For further details, please visit the product web page or contact us. You can also try the Protector with a free evaluation license. A half day would be more than enough to try the basic functions of the Protector.

Also, check out the restrictions of the current version, to make sure that the current version meets your needs.

Requirements

• Minimum 64MB RAM (128MB recommended)
• Linux, Solaris, Mac OS X, or Windows 98/2000/NT/XP
• JDK 1.3.0_01 or later
  Note: suppor for Java5 or later is still incomplete
• JCE 1.2.2 (required for users of JDK 1.3.x only)
• Apache Ant 1.4 or later
       Free download: http://ant.apache.org/ (if you can't download it, please contact us.)
• One of the following cryptographic providers (recommended: SunJCE):
  SunJCE
       Free download: http://java.sun.com/products/jce/index-122.html
       Library: sunjce_provider.jar
  Bouncy Castle (use signed JAR file of a provider)
       Free download: http://www.bouncycastle.org/latest_releases.html
       Library: one of bcprov-jdk13-xxx.jar, bcprov-jdk14-xxx.jar,...
  Cryptix
       Free download: http://www.cryptix.org/
      

Definitions

The following terms will be used throughout this documentation. These concepts are frequently used and keys to understand the usage of the Protector:

An API class : a class or interface you provide your customers as a part of the API of your software^*1, or any class which should be accessible for your customers. Even if you don't provide any explicit API to your customers, your program must have at least one public class for your customers to use your program. Such class is called an "API class" in this manual.
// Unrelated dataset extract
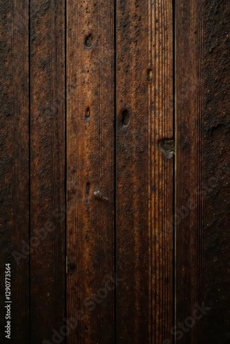 Naklejka premium Dark brown wood grain, heavily distressed, aged texture, surface, aged, panel

An API method : a method of an API class you provide your customers as a part of the API of your software^*1. Any program should have at least one API class and one API method (for example, its main method). *1: Names of API classes and API methods will be preserved throughout the protection, in order to keep the API of your product unchanged. In other words, protection by the Protector does not affect your API document.

Restrictions of the current version

1. Protection of Servlets are not supported yet. However, business logic can be protected, if you separate them from Servlets. In other words, separate your program into two: a set of Servlets + a set of the other classes, then the latter can be protected by this tool.
   
   
2. Your product may contain Applets, but Applets are not supported as an API class yet. In other words, your customers can't call your Applets by themselves, but your program may contain and use Applets internally.<
   
   
3. In API classes, results of using public, package, or protected fields are not guaranteed (only private fields are supported). To use the current version of the Protector, modify your API classes and replace those accessible fields with corresponding getter/setter methods.
   There is no such restrictions with non-API classes which should make up the most of your program. So, in general, the modifications should be easy.
   
   
4. Inner classes of an API class must be used only within the API class (i.e. its enclosing API class). There's no restrictions on inner classes of non-API classes.
   
   
5. Any API class must have a constructor with no arguments. If your class doesn't have any, add one (here's a complementary tool). A dummy is enough, and implementation details doesn't matter, as long as it passes compilation. The constructor may be public, package, or protected, but not private. If you have a number of classes that needs such constructors, here's a complementary tool. You will be given an opportunity to use this tool in the preparation of a project directory , and you don't have to use the tool in advance.
   
   
6. API classes may not have any constructors with the special form of arguments:
      (Object, Class, Class, Class, Class, Class, Class, Class, Class, Class, Class )
   (i.e. One Object argument and ten following Class arguments).
   This special type of constructors are reserved for the Protector.
   
   
7. (This restriction is removed since v1.3.0)
   
   
8. Results of protection are not guaranteed, when your programs depend extensively on reflections or its own custom ClassLoaders.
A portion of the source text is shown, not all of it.